▶ _Exercise objective_: Please reproduce, exactly as given, the lines running from the start of the data to the line containing "braune E-Gitarre aus", inclusive, and omit the pictures.

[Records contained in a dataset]
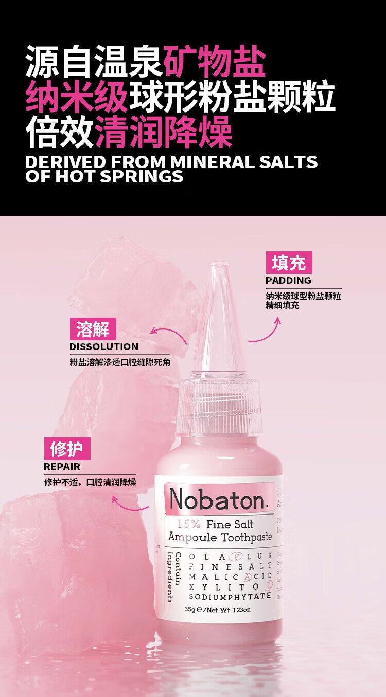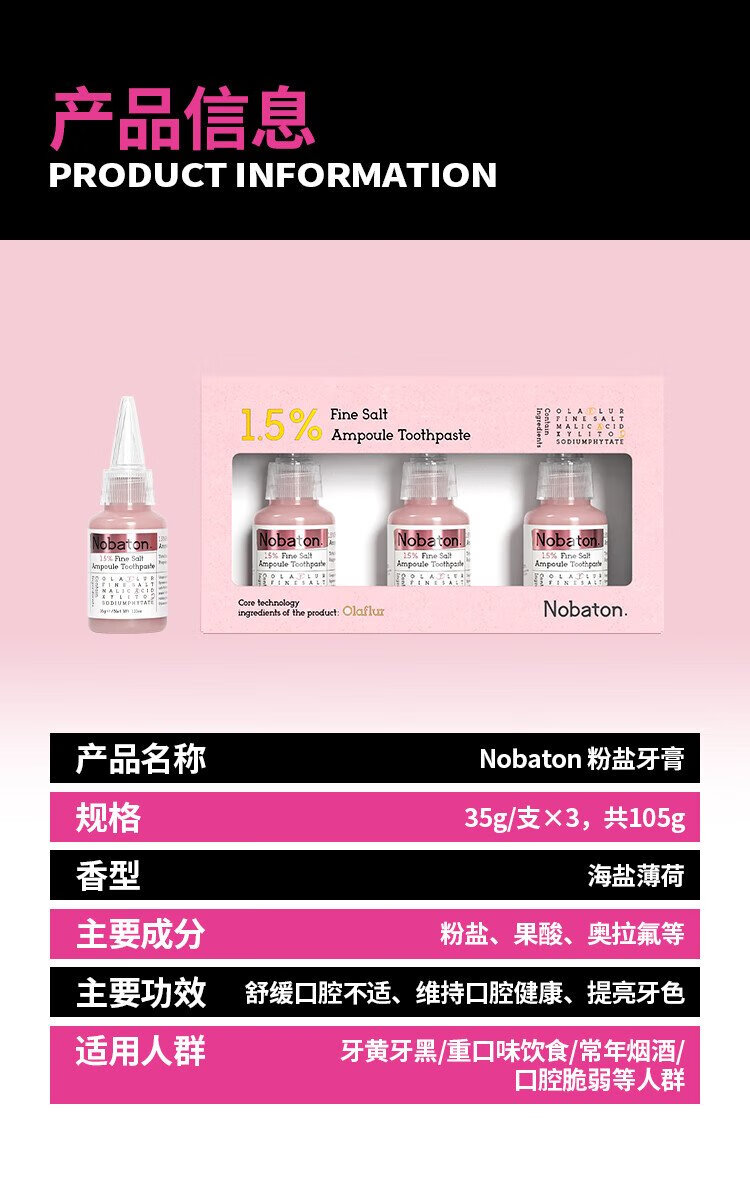 Norbaton Farm French 1.5% pink salt toothpaste whitens bad breath, freshens breath, protects gums, removes yellow teeth, tooth reducing agent ampoule
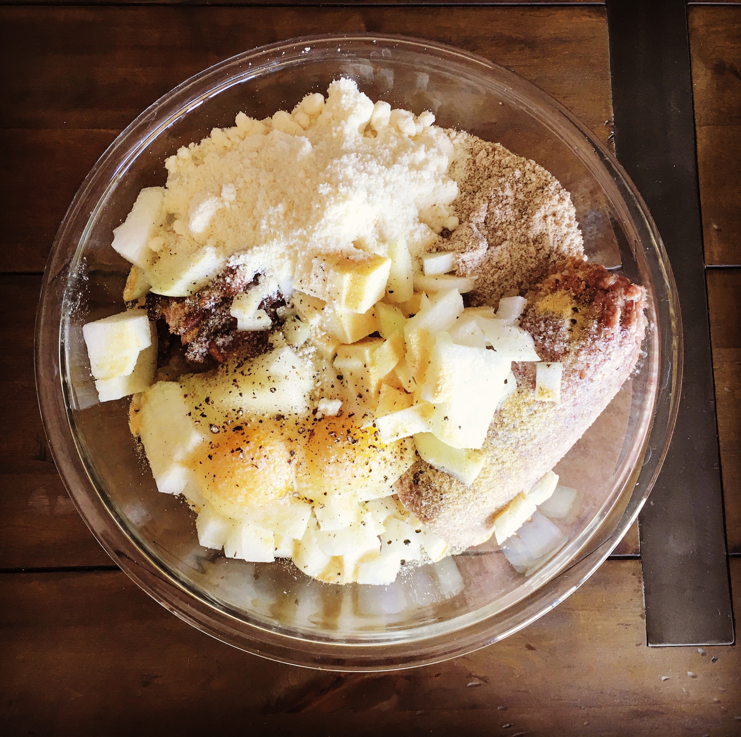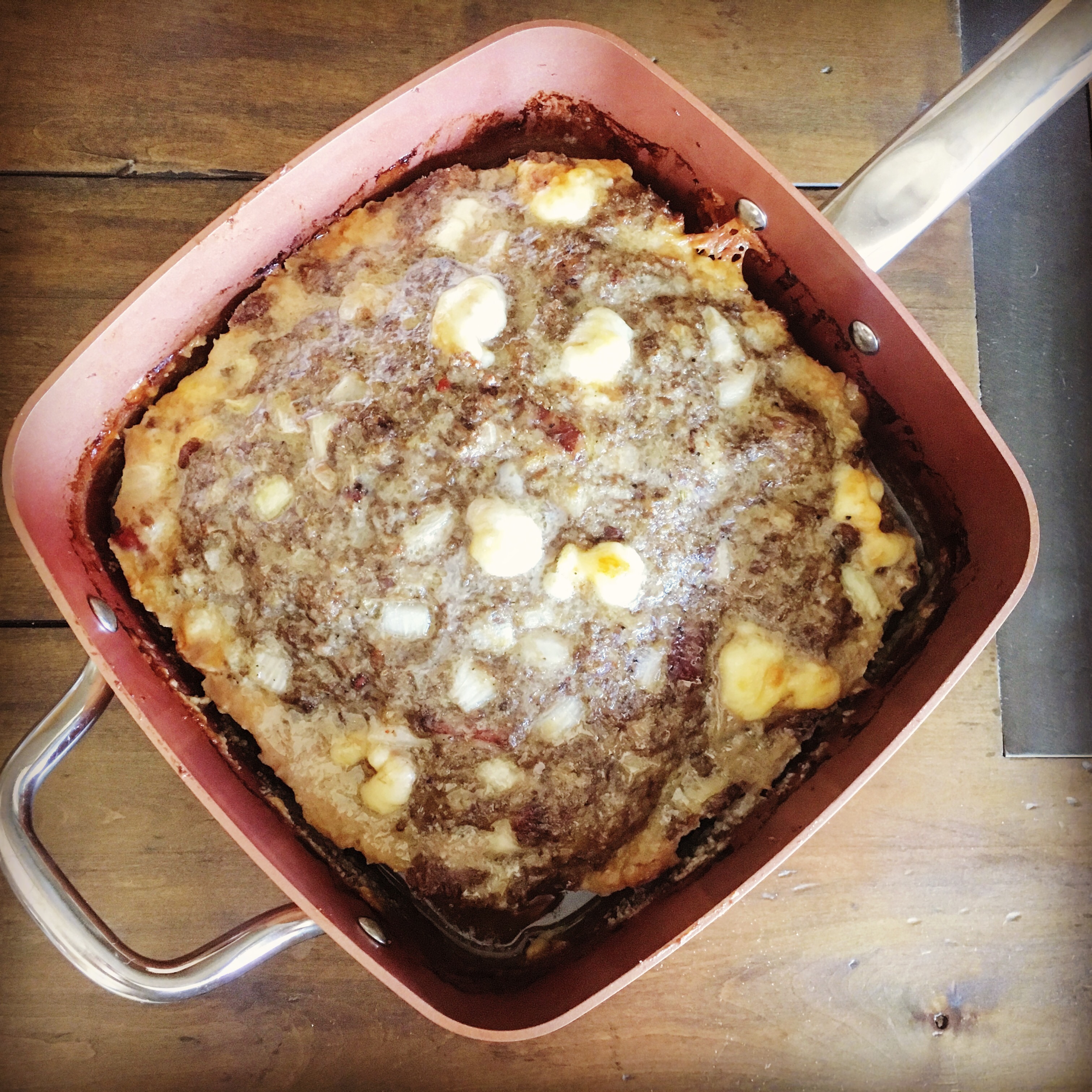This recipe is inspired by the last low-carb meatloaf I made. Instead of mushrooms and mozzarella I added bacon and white cheddar cheese.
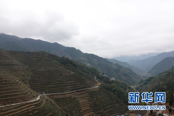 黃山市歙縣璜田鄉(xiāng)蜈蚣嶺村外蜿蜒的盤山公路與梯田。新華網(wǎng) 卓越 攝
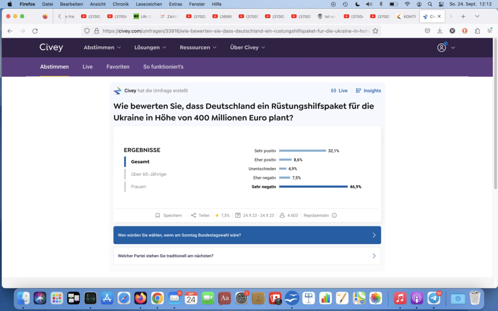 54,4% bewerten weitere Rüstungshilfe für die Ukraine negativ, 40,7% positivvon Angelika24. September 202324. September 2023
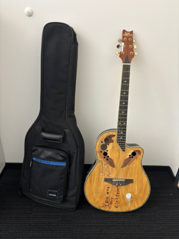 braune E-Gitarre aus Holz mit Schriftzug, schwarze Gitarrentasche der Marke Gewa
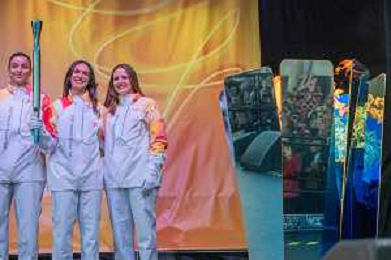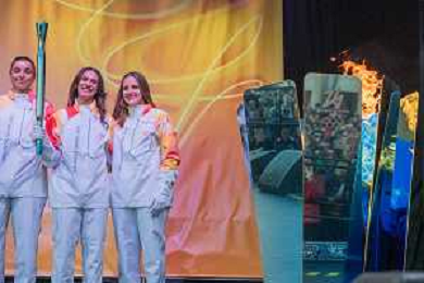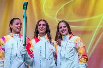 14-12-2025. Viaggio della fiamma olimpica delle olimpiadi invernali di Milano/Cortina 2026, per le vie di Cagliari, Sardegna, Italia. Foto Salvatore Moi/Agenzia Aldo Liverani s.as. Nella foto: Giulia Stagno, Francesca Zucca, Dalia Kaddari in via Roma Cagliari ©MOI SALVATORE - AGENZIA ALDO LIVERANI SAS
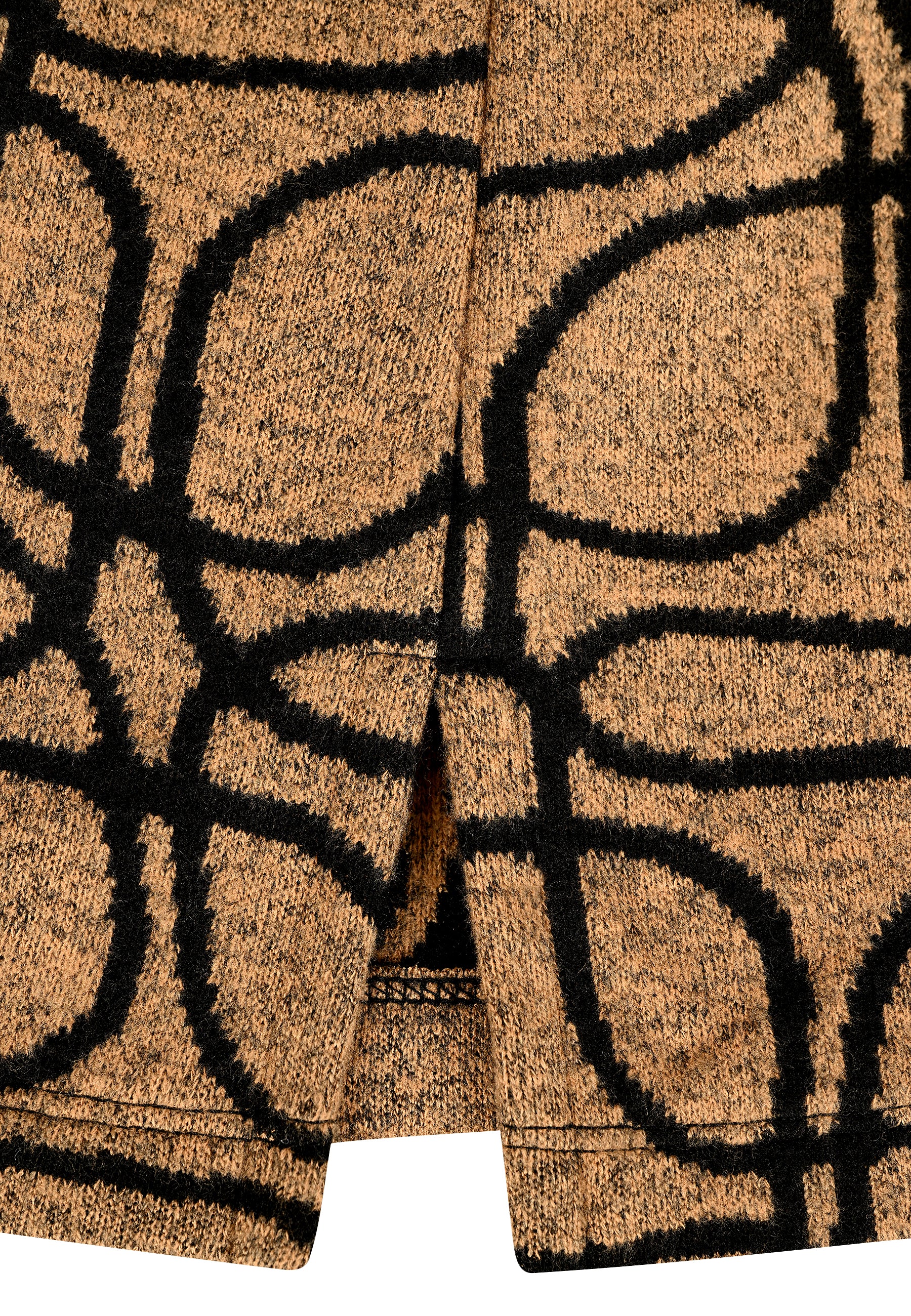 Dieser Pullover von elanza ist eine tolle Mischung aus legerem Sweater und klassischem Strickpullover. Locker im Schnitt, ist besonders der breite Stehkragen mit Bändchen ein echter Hingucker, der nicht nur modisch ist, sondern auch an kalten Tagen wärmt. Der Strick ist kuschelig voluminös und schenkt Ihnen den ganzen Tag pures Wohlfühlen. Mit seinem grafischen Jacquard-Muster in Schwarz auf braunem Grund, ist das Modell zudem super einfach zu stylen: Klassisch mit Stoffhose oder Rock, casual mit unserer elanza Comfort Fit-Denim. Ein Pullover, der einfach immer passt!

▶ _Output of the task_:
 Norbaton Farm French 1.5% pink salt toothpaste whitens bad breath, freshens breath, protects gums, removes yellow teeth, tooth reducing agent ampoule
This recipe is inspired by the last low-carb meatloaf I made. Instead of mushrooms and mozzarella I added bacon and white cheddar cheese.
 黃山市歙縣璜田鄉(xiāng)蜈蚣嶺村外蜿蜒的盤山公路與梯田。新華網(wǎng) 卓越 攝
 54,4% bewerten weitere Rüstungshilfe für die Ukraine negativ, 40,7% positivvon Angelika24. September 202324. September 2023
 braune E-Gitarre aus Holz mit Schriftzug, schwarze Gitarrentasche der Marke Gewa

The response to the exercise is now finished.